Granny Hazelbide saved her the trouble of answering.
“You mean to tell me,” she demanded, beating her fork on the edge of her plate to point out her opinions, “you mean to sit there and tell me that a whole roomful of grown men, and those men trusted these past I don’t know how many years with the governing of this entire planet, they needed to be told such baby stuff as that?”
“Well, Granny Hazelbide, I don’t know that I care for your tone!” he protested. “We were fully cognizant of the political facts. Fully cognizant!”
The Granny snorted and went back to her eating, talking through the mouthfuls.
“Would of done you a sight more good to be just a tad cognizant-cognizant!-of the practical common-sense facts,” she said. “I’m with Responsible; it never would of entered my head that you men all assumed the Kingdoms could pull out of the Confederation and put crowns on all their pointy little heads and still count on all the services to go on just like they always had. And no reason it should of entered Responsible’s head, either-it was obvious to a plain fool. You men made your decision; now you can live with it.”
“You can be certain,” put in Responsible, “that Castle Traveller had thought of every one of the practical consequences. And were mighty careful not to point them out to any of the rest of the baa-goats in the room, who-I might add-it is not my place to lead by the hand and pick up after.

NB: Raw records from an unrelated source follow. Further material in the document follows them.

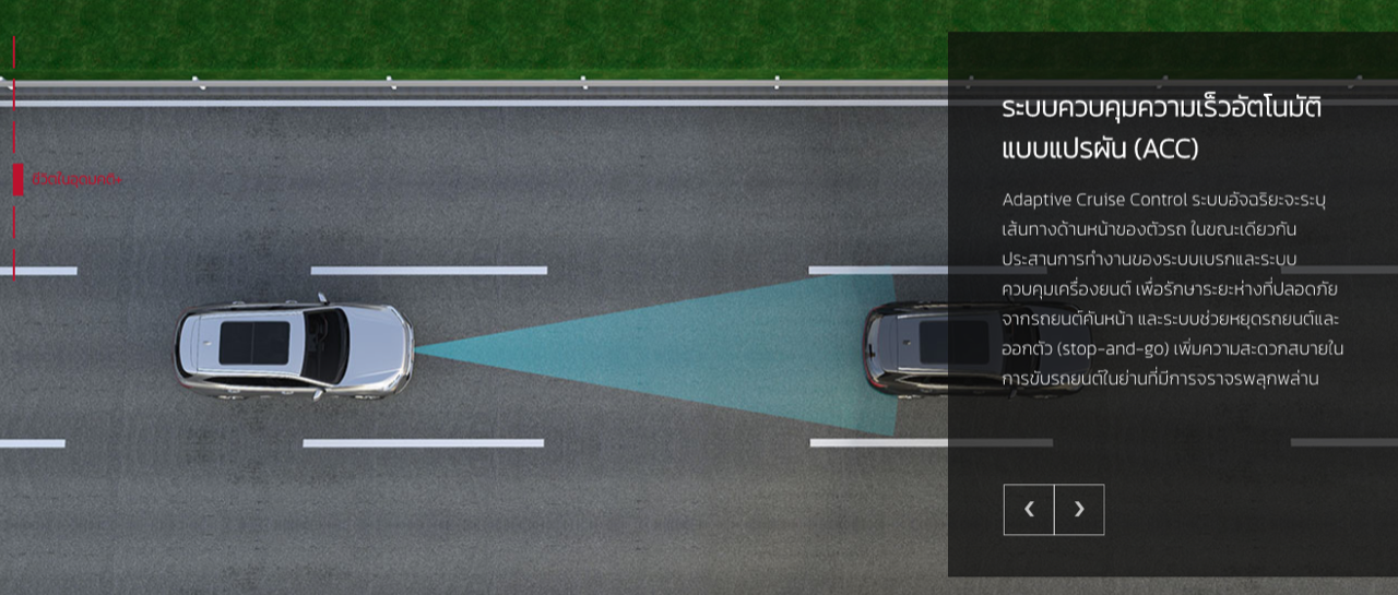 ทำงานตามความเร็วที่ผู้ขับขี่ตั้งเอาไว้ แต่จะตรวจจับรถคันหน้าเพื่อรักษาระยะห่างที่ปลอดภัย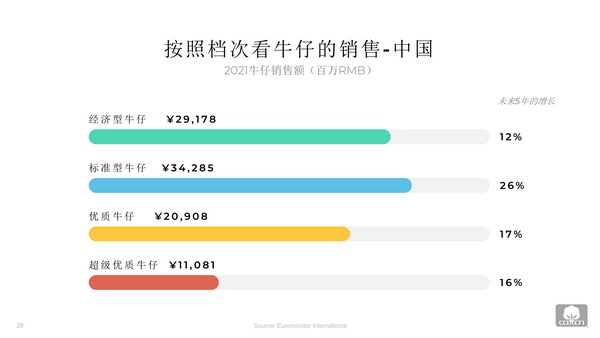 近一半的中國消費者表示,今年他們計劃購買比去年更多的牛仔褲。預計到2026年,牛仔褲的銷售額將強勁增長19%,達到近1130億元。張立綱指出,按牛仔褲種類來看,經濟型和標準型牛仔褲占中國牛仔褲銷售額的大部分,占市場的近66%。在未來五年中,中端價位標準牛仔褲的增長最快,緊隨其后的是高檔和超高檔牛仔褲。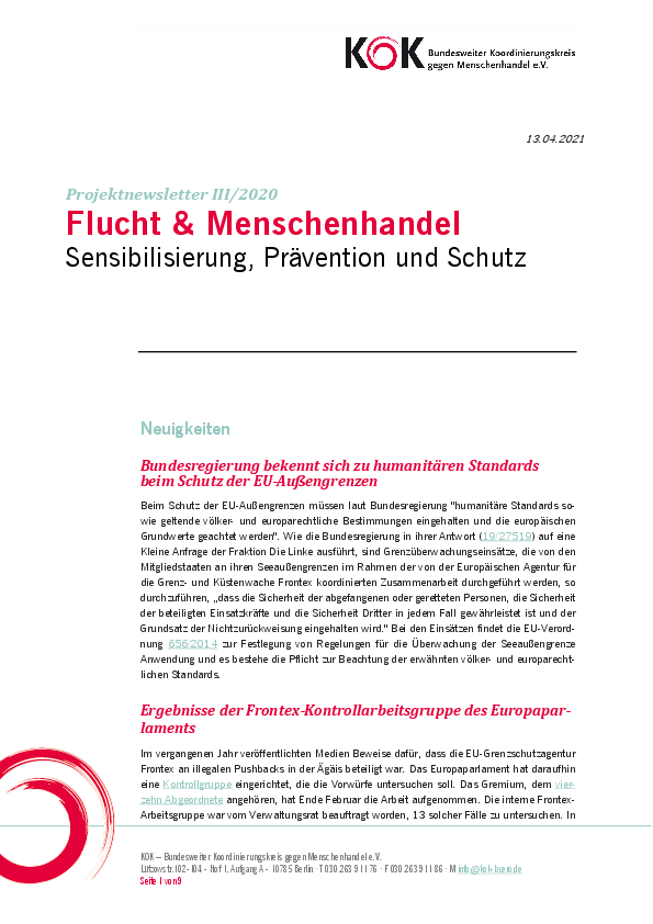 - Bundesregierung bekennt sich zu humanitären Standards beim Schutz der EU-Außengrenzen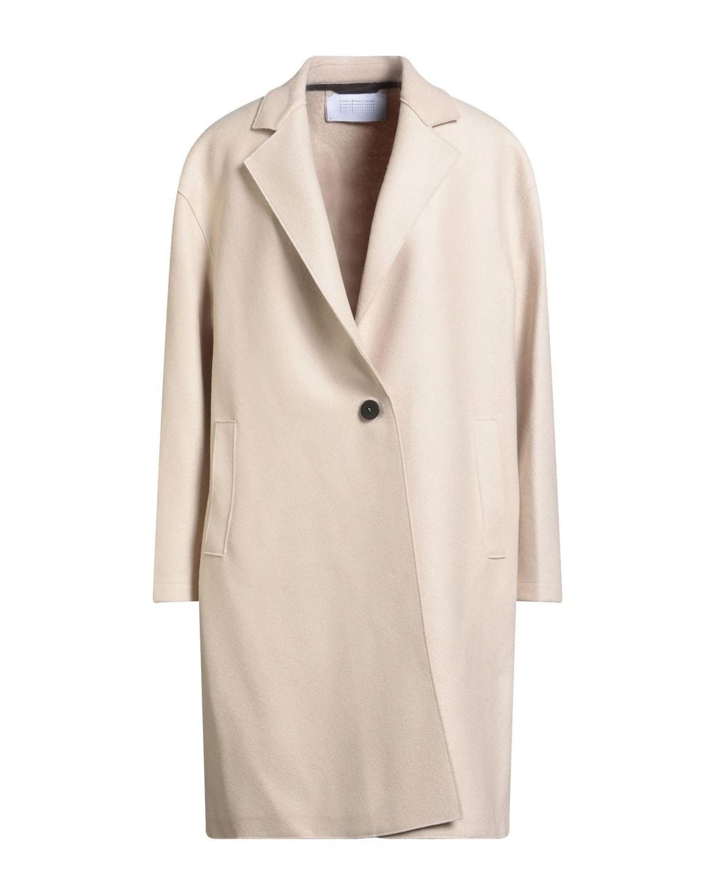 HARRIS WHARF LONDON. single-breasted coat, boiled wool, no appliqués, plain colour, lapel collar, long sleeves, partially lined, button fastenings, slit pockets, dry clean, do not bleach, do not tumble dry. 100% Virgin Wool.

Why didn’t you think?”
“Responsible, you can’t talk to Jubal like that,” said Emmalyn, and then jumped as Patience pinched her under the table.
“I beg your pardon, Emmalyn,” said Responsible, “but I suggest you consider carefully what your Jubal, and the rest of the Brightwater men present at the Hall-not to mention our so-called friends and allies-allowed to happen. Then, you care to speak sharp to me on their behalf, I’ll listen to you.”
“Responsible-”
“If,” she went on, “if procedure’d been held to, as Donald Patrick had full authority to insist that it should be-he was Chair, remember?-if there’d been the rest of the speeches for and against, and the rebuttals, as the law calls for, then there’d of been time for these matters to be raised. One of the Lewis delegates, someone from Castle McDaniels or Castle Motley, someone among you distinguished gentlemen, would no doubt have asked the necessary questions. Such as: how did the others plan to get along without the comset system, that’s been broadcast from Brightwater these many hundred years? Such as: what happens to supply deliveries, that have been worked out and run by the computers at Castle Brightwater since the day they were hooked upand the only Kingdoms with ships large enough to serve as supply transport are Brightwater and Guthrie?”